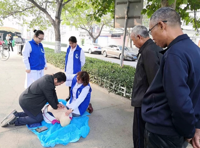 护士长吴小娜带领肿瘤四科护理团队现场对村委成员及村民进行心肺复苏急救技术普及培训。
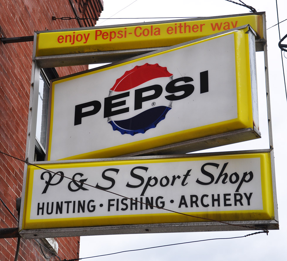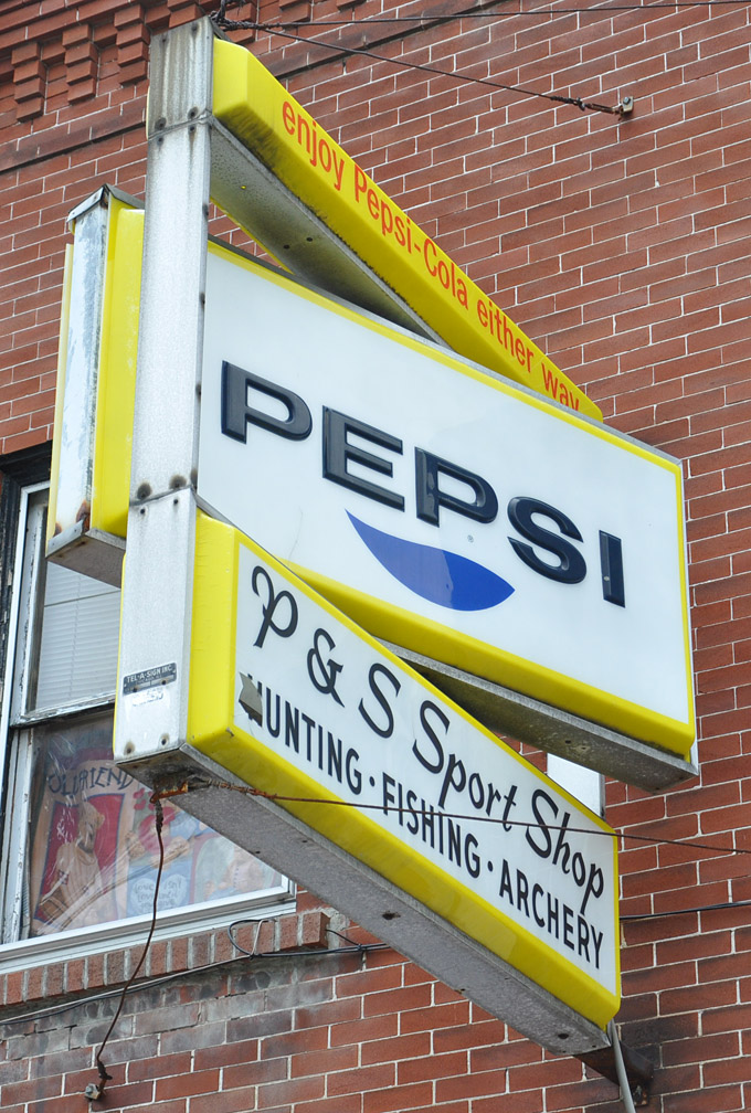 From Jamestown. A twirling plastic Pepsi sign. No longer twirling. Never seen one like it. There’s a pool place below now — so I’m just glad this sign is there at all.
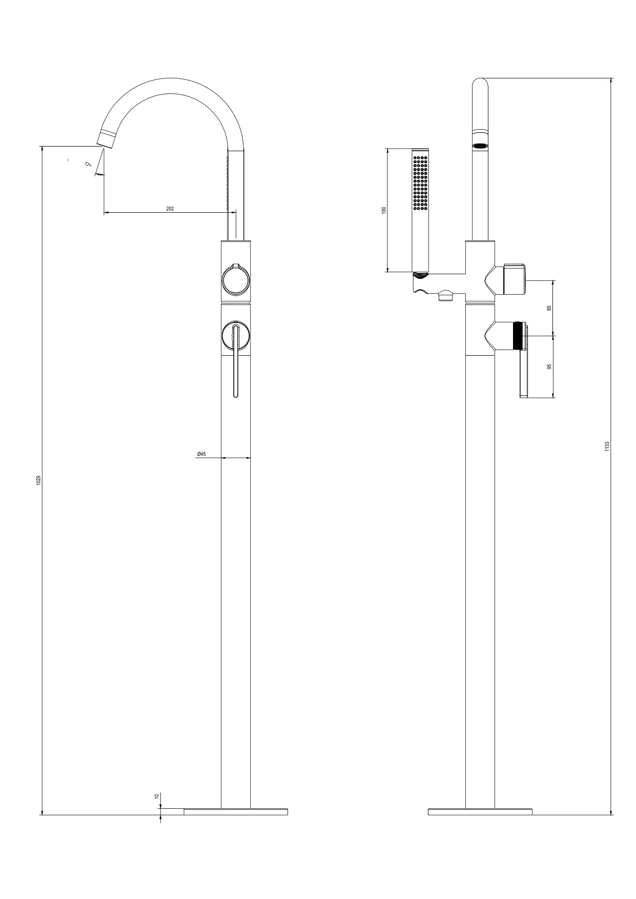 - Смеситель для ванны DQ Bonn DA1706005 напольный, черный

=-=-=

The listing above should be repeated word for word, pictures removed.

 护士长吴小娜带领肿瘤四科护理团队现场对村委成员及村民进行心肺复苏急救技术普及培训。
 From Jamestown. A twirling plastic Pepsi sign. No longer twirling. Never seen one like it. There’s a pool place below now — so I’m just glad this sign is there at all.
 - Смеситель для ванны DQ Bonn DA1706005 напольный, черный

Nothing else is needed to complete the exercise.